Chrystina Bird told CoastTV she contacted Parker Selby’s office about two weeks ago regarding an unresolved complaint against a health care provider. When she called, Bird said she spoke with a man named Sal, later identified as legislative aide Salvador Alarcon, who said he was handling constituent matters in the representative’s absence.
“I asked when [Stell Parker Selby] might be returning, and he said he doesn’t have an answer for that,” Bird recalled. “He said that, ‘She’s healing - so what can I help you with?’”
Bird said Alarcon listened and offered to reach out on her behalf, which she was appreciative of. Bird says the next thing she heard on the matter was when she received a call from Child Support Services, a department that had no record of her and no connection to her issue but was directed to her.
"She was very confused," Bird says of the Child Support Services caller. "She didn't have me in her file and I said, 'That's because I'm not in your file. And then it was confusing."
Bird tells CoastTV she's never had underage children in Delaware, so there would be no reason for her to have any affiliation with Child Support Services in the First State.
House Democrats Communications Director Jenevieve Worley confirmed that Alarcon followed protocol and showed CoastTV a screenshot of his outreach to the Delaware Department of Health and Social Services’ general constituent relations contact and an individual employee. Worley said in both emails, the recipient was redacted to protect state employee privacy. Worley insisted that no message was sent directly to Child Support Services.

Screenshots provided to CoastTV by Delaware House Democrats communications employees show an aide for Rep. Stell Parker Selby reached out on behalf a constituent, but don't show who the emails went to specifically.

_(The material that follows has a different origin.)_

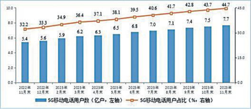 移動(dòng)電話用戶數(shù)穩(wěn)中有增,5G用戶規(guī)模加速擴(kuò)大。截至11月末,三家基礎(chǔ)電信企業(yè)的移動(dòng)電話用戶總數(shù)達(dá)17.26億戶,比上年末凈增4269萬(wàn)戶。其中,5G移動(dòng)電話用戶達(dá)7.71億戶,比上年末凈增21040萬(wàn)戶,占移動(dòng)電話用戶總數(shù)的44.7%,占比較上年末提高11.4個(gè)百分點(diǎn)。

"That may be a question for DHSS," she said.
Worley said to CoastTV that Rep. Parker Selby's office, “is more than adequately prepared and capable of handling constituent issues."
Worley also refutes claims that Bird went weeks without answers. She says Bird first contacted Parker Selby's office on June 9, and her complaint was handled the day staffers heard of it.
Still, Bird remains unsettled by the error and believes her representative should have been more directly involved, calling Parker Selby's absence "taxation without representation in its purest form."
“I feel compassion and empathy for Miss Parker Selby,” she said, “but it’s important to suit up and show up. And if we’re not able to suit up and show up, then we must resign.”
As the General Assembly prepares to reconvene on Tuesday, Parker Selby’s potential return would mark her first appearance at Legislative Hall in 2025.